Авторские примечания: Экскурсы в историю Крестовых походов, частично ООС персонажей
Размещение: с разрешения автора
Фанфик был написан на Декабрьский фестиваль для Пышка в сахарной пудре
читать дальше
Двое на одном коне
– Эй, девка, – могучий шинигами сбросил пропитанное кровью косоде с плеч, – залечи мои раны!
Орихиме, точно очнувшись, бросилась к нему.
За последние два часа она не единожды корила себя. Все, что бы она ни предприняла, оказывалось ошибкой. Сейчас девочка упрекала себя за то, что стоит, как истукан, вместо того, чтобы помочь израненному Зараки. Впрочем, как ей казалось, это не поздно исправить…
Однако Орихиме в очередной раз ошиблась.
Того, кто оказался рядом с ней, она еще ни разу не видела в Лас-Ночес. Арранкары внушали ей ужас, а этот, несмотря на его почтительное обращение и добрый взгляд, вообще вызвал желание тихо умереть – так сильна была его рейяцу. Особенно острым стало это желание после того, как арранкар все так же вежливо и почтительно опустил девочку на пол перед Айзеном.
Ошеломленная Иноэ наблюдала, как пространство трескается и бежит фиолетовыми разломами, как появляется из трещин Улькиорра, и как спокойно и собранно он отвечает «хай» на распоряжение Айзена защищать Лас-Ночес. А потом гарганты, открытые Урахарой, схлопываются, и никакое кидо лейтенанта Котецу не может их открыть.
Зато открываются другие…
Целительские способности Орихиме могли бы очень пригодиться после боя – но во время боя она чувствовала себя обузой, которую вынуждены защищать все подряд, даже Лоли и Меноли. А ей оставалось только смотреть, как Ичиго сражается ради нее.

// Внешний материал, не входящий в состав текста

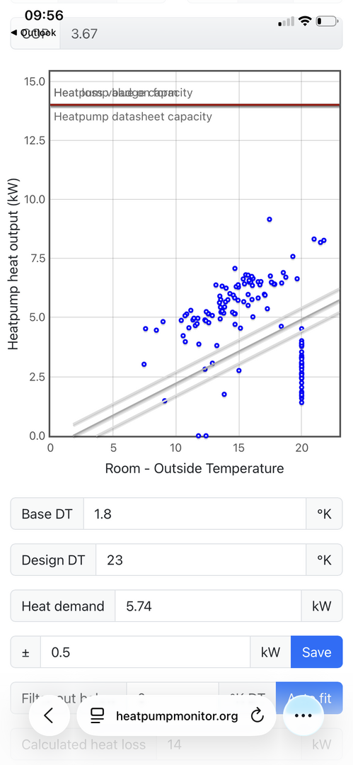 Here is my results from heatpump monitor.org. Not sure what the vertical line of points at 20 degc is about and it seems to be skewing the line. But the general scatter suggest about 8kw heat loss at -3

– Сейчас, – объявил тем временем Улькиорра, – «защищать Лас-Ночес» и «сражаться с тобой, Куросаки» означает одно и то же.

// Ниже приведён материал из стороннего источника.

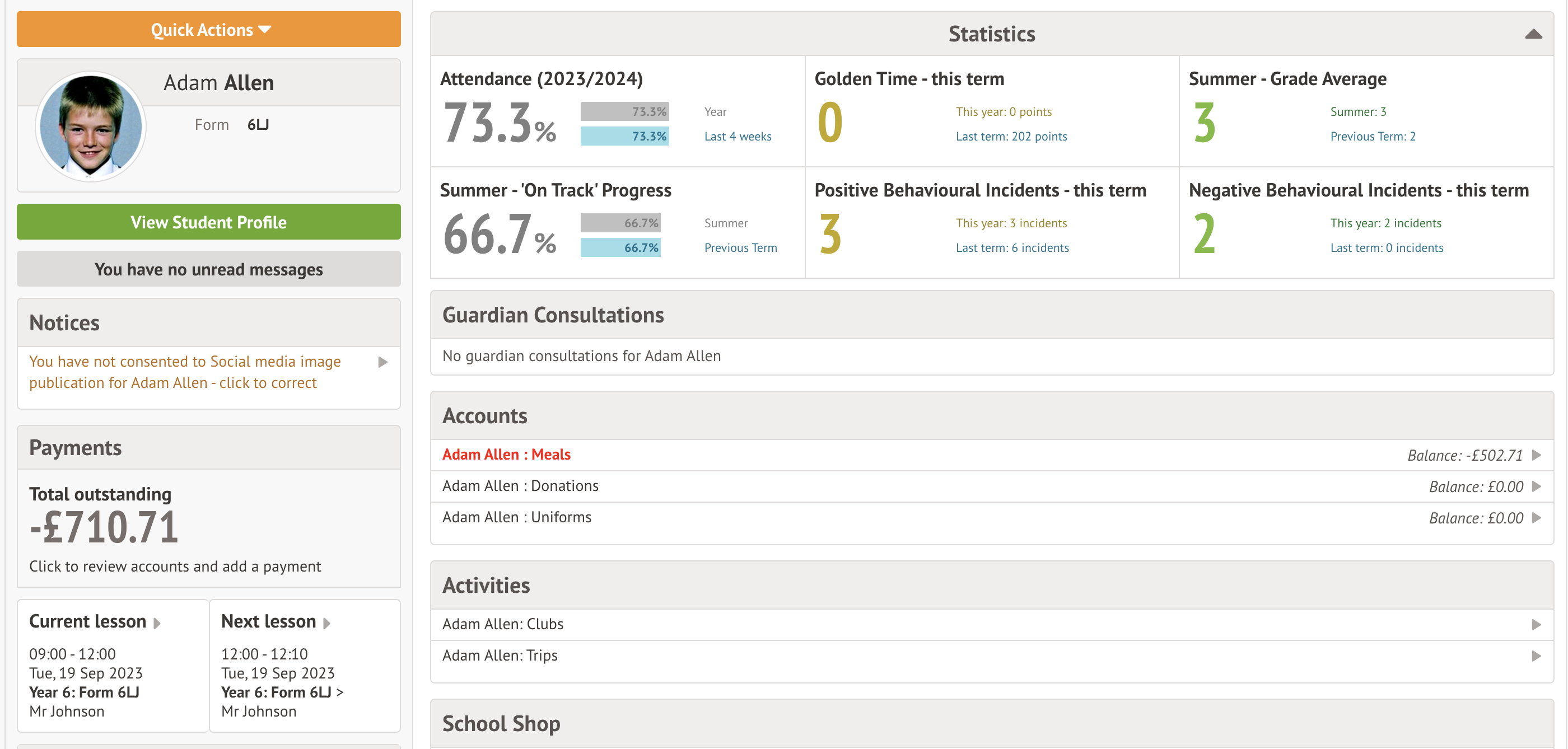 • School shop and Payments - Parents can top up their accounts and purchase School Shop items.

Судя по разрушениям, производимым вторженцами, он был в чем-то прав.
Две катаны – черная и белая – звякнув, скрестились. Улькиорра про себя заново оценивал Ичиго, отмечая, как выросло его умение контролировать рейяцу и насколько увереннее он держится. Куросаки, в свою очередь, прикидывал, какой козырь в рукаве прячет четвертый из Эспады – его ресуррексьон, несомненно, должен был оказаться несопоставимо мощнее, чем у Гриммджо и даже Ннойторы, и соображал, как бы разделаться с Улькиоррой до того, как тот высвободит свой меч.
Но пока их силы были примерно равны, как ни досадно обоим признавать это. И Улькиорра принял решение.

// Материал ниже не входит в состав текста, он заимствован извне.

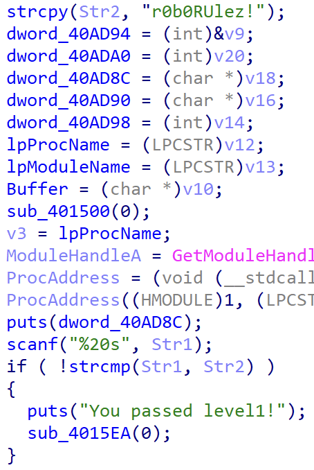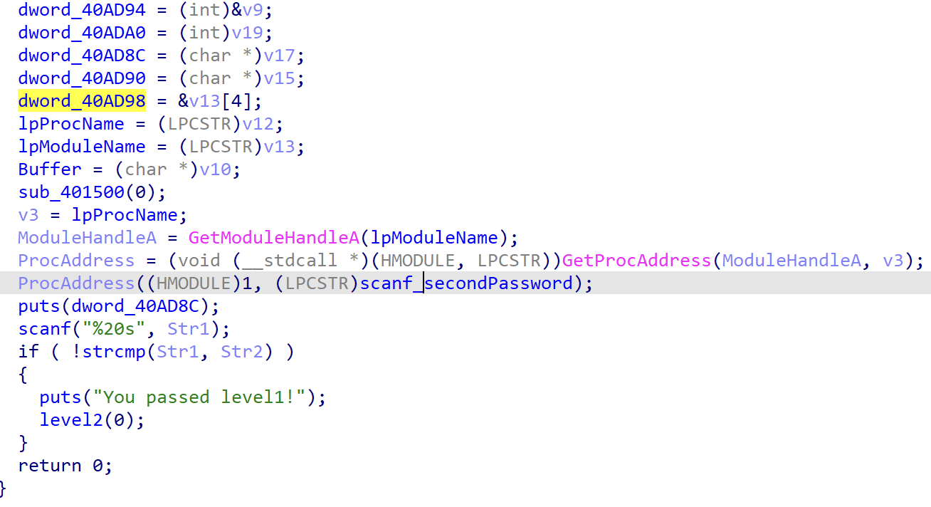 level1 전에 위에서 선언된 암호화된 문자열들을 외부 모듈을 이용하여 복호화하는 것 같다.

– Следуй за мной, – бросил отрывисто и ринулся вперед.
У Ичиго мелькнула-таки первая здравая мысль за все время боя – не идти на поводу у арранкара, а хватать Иноэ и спешить к своим, авось найдут способ выбраться из Уэко. Но он ее отмел.
Вне стен пятой башни сражались его друзья. Гигантское существо, больше всего напоминавшее несуразно огромного скорпиона, с легкостью расшвыривало по сторонам всех – Ичиго узнавал в упавших фигурках и Рукию, и Ренджи, и капитана Кучики. Где-то рядом был и Зараки – бесстрашно атаковал колосса, в котором Ичиго, присмотревшись, узнал Ямми.
Кучики легко, одним прыжком, поднялся на ноги, взмахнул клинком. Ямми повернулся к нему.
Улькиорра бросил равнодушный взгляд – Децимо поднял свою силу до Зеро, а значит, всем остальным лучше ретироваться подобру-поздорову… но разве эти глупые шинигами способны вести себя разумно?
Эти. Глупые. Шинигами.
Белый шарф развевался за плечами. Точь-в-точь, как когда-то белый плащ.
«Глупый шинигами» произнес несколько слов – на таком расстоянии Улькиорра их не разобрал, но голос, вне всякого сомнения, был ему знаком.
Говорят, что арранкары не помнят, как были просто Пустыми, или адъюкасами, или васто-лордами. На самом деле – иногда помнят, но воспоминания их чаще всего обрывочны и бессвязны.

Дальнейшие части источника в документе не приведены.